Binary verdicts over numeric scores: Instead of asking a judge to rate something on a scale of 1 to 10, ask specific yes-or-no questions. "Does this response contain a hallucinated fact?" "Does this directly answer the user's question?" Research from Galileo AI found that this approach, combined with polling multiple times (a technique called ChainPoll), improved accuracy by 23 percent over single-shot scoring.

Decomposed evaluation: Break the assessment into concrete, measurable dimensions. Factual accuracy, relevance, completeness, tone. Each one can be evaluated independently, and many can use deterministic checks rather than LLM judgments.
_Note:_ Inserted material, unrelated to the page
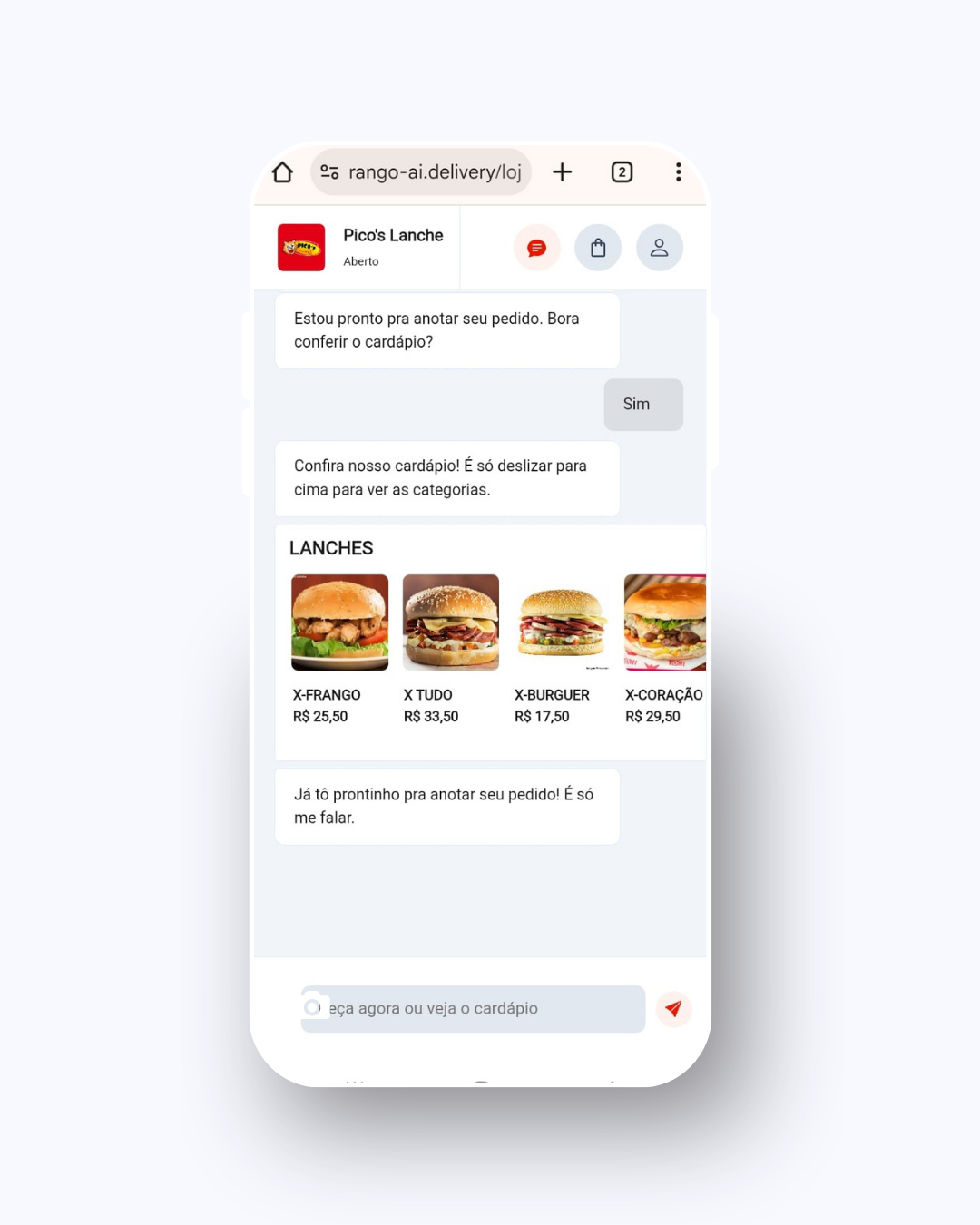 O chatbot conversa com o cliente, sugere opções e tira dúvidas, tornando o pedido muito mais simples e natural.
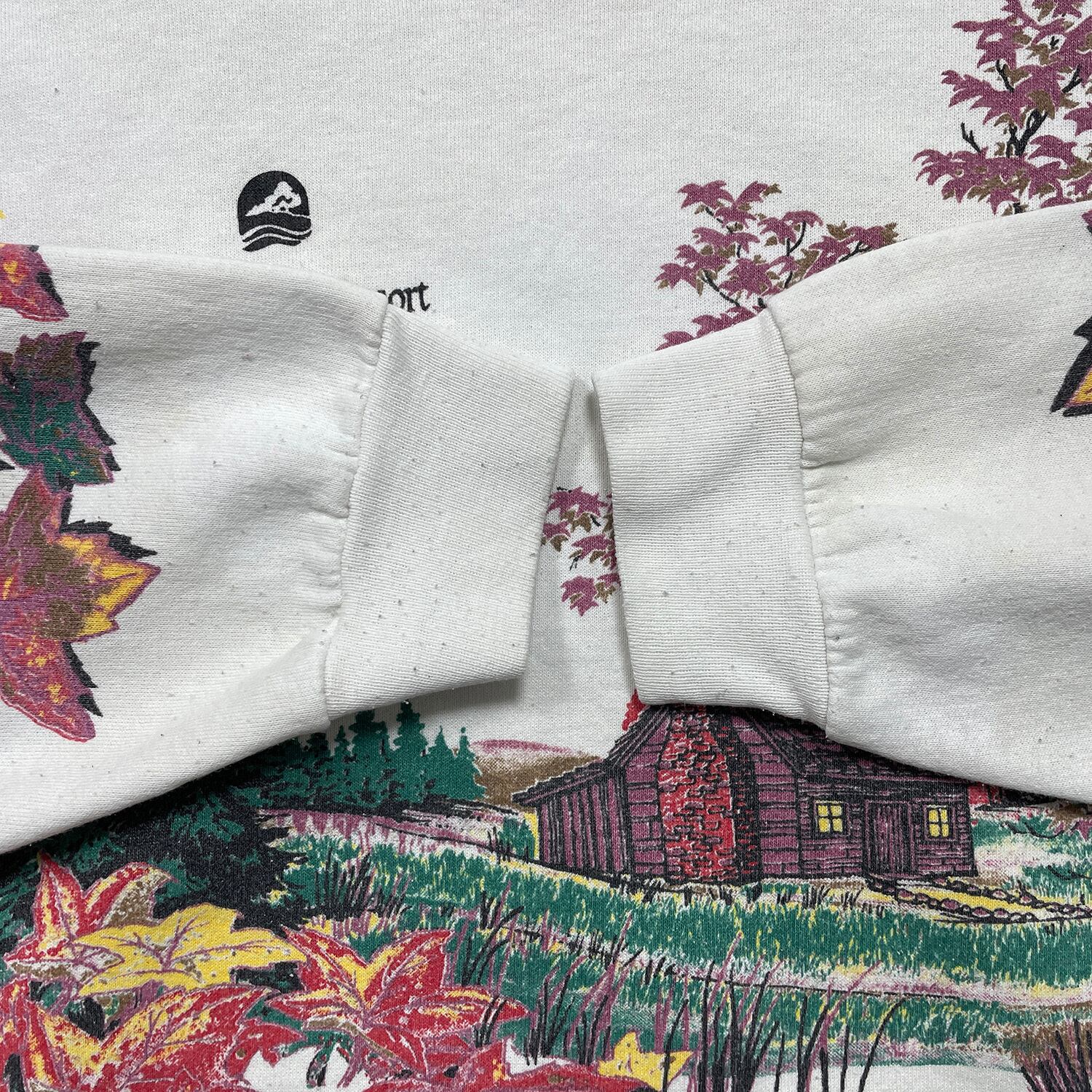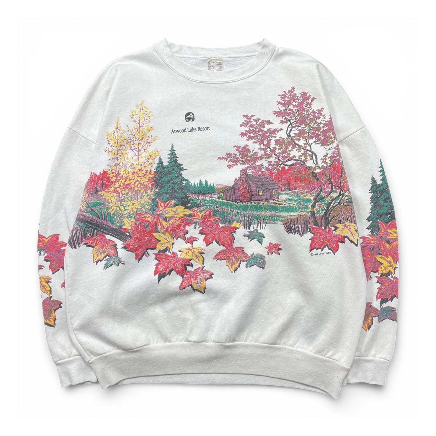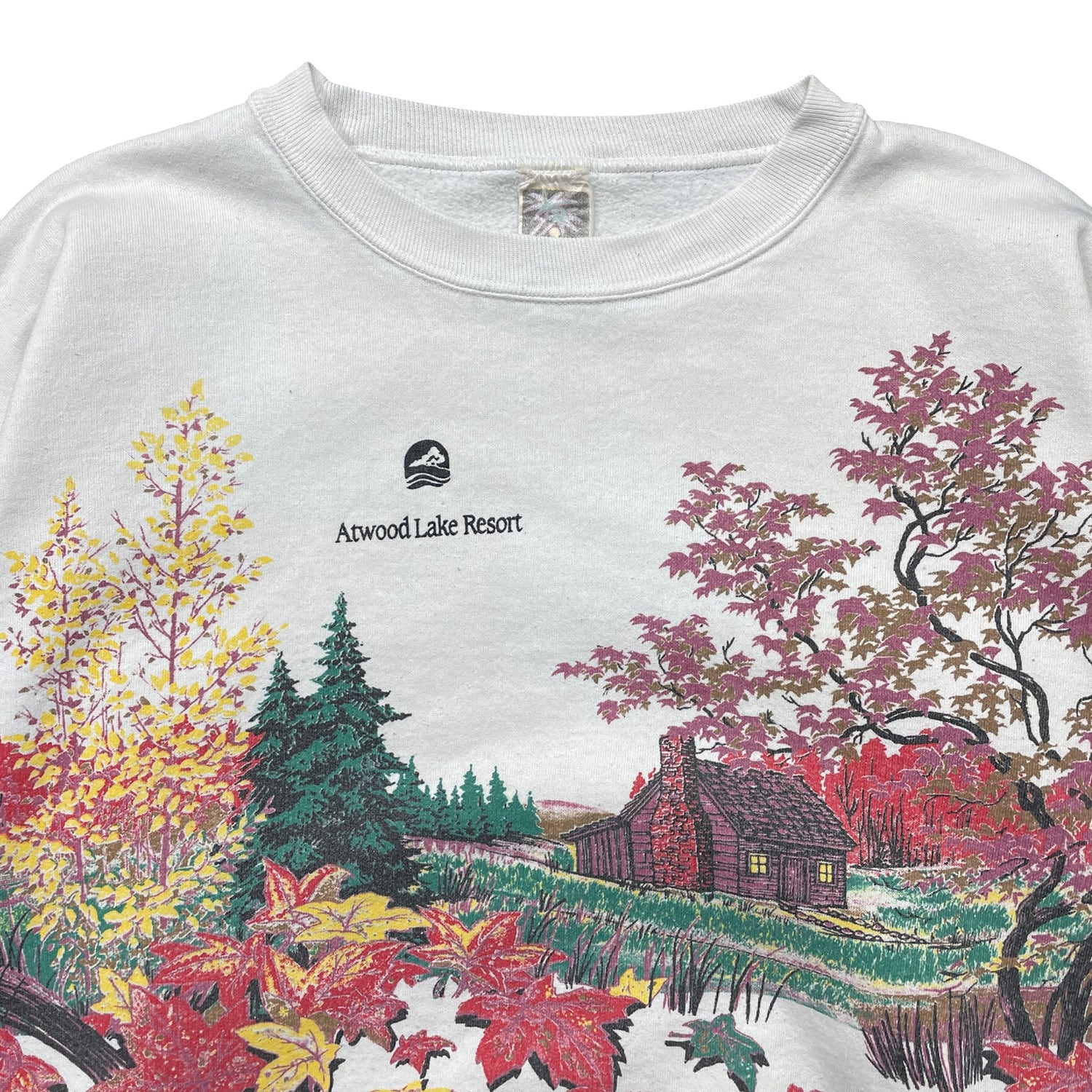古着 USA製 90S アトウッド湖 ヴィンテージ クルーネック スウェット トレーナー アート プリント ホワイト メンズXL BD3370

Human-in-the-loop calibration: Use LLM judges for scale, but regularly calibrate them against human expert evaluations. When the judge and the humans diverge, trust the humans and retune the judge.

Statistical acceptance testing: Instead of checking individual outputs, evaluate distributions. Run the same prompt 50 times and check whether the distribution of outputs meets your quality threshold. Accept the non-determinism instead of fighting it.

Accepting the uncertainty

I think the deeper issue is philosophical. We want AI systems to be testable the way software is testable. We want clean pass/fail results. We want CI/CD pipelines with green checkmarks. But LLMs aren't software in the traditional sense. They're closer to creative collaborators, and evaluating a creative collaborator's work has always been subjective, contextual, and messy. The irony isn't just that we're testing non-deterministic systems with non-deterministic judges. It's that we're so uncomfortable with uncertainty that we'd rather have a confident but unreliable automated score than sit with the ambiguity. We'd rather pretend the problem is solved than do the harder work of defining what "good" actually means for each specific use case. Maybe the first step is admitting that LLM evaluation is genuinely hard, that there's no clean solution, and that anyone selling you a fully automated eval pipeline is probably oversimplifying the problem. The best evaluation strategy might just be accepting that you're gambling, and learning to manage the odds instead of pretending they don't exist.

References

Woo, S., et al. "The Generative AI Paradox on Evaluation: What It Can Solve, It May Not Evaluate." arXiv:2402.06204, 2024.

Raju, K., et al. "Limitations of the LLM-as-a-Judge Approach for Evaluating LLM Outputs in Expert Knowledge Tasks." ACM IUI 2025, 2025.

Munro, K. "LLMs as Judges: Practical Problems and How to Avoid Them." katherine-munro.com, 2024.

"Exploring LLM-as-a-Judge." Weights & Biases, 2024.

"Are You Making These 7 LLM-as-a-Judge Mistakes?" Galileo AI, 2024.

"LLM-as-a-judge: A Complete Guide to Using LLMs for Evaluations." Evidently AI, 2025.

Orosz, G. and Husain, H. "A Pragmatic Guide to LLM Evals for Devs." The Pragmatic Engineer, 2025.

Huang, J. "Evaluating Large Language Model Systems: Metrics, Challenges, and Best Practices." Microsoft Data Science Blog, 2024.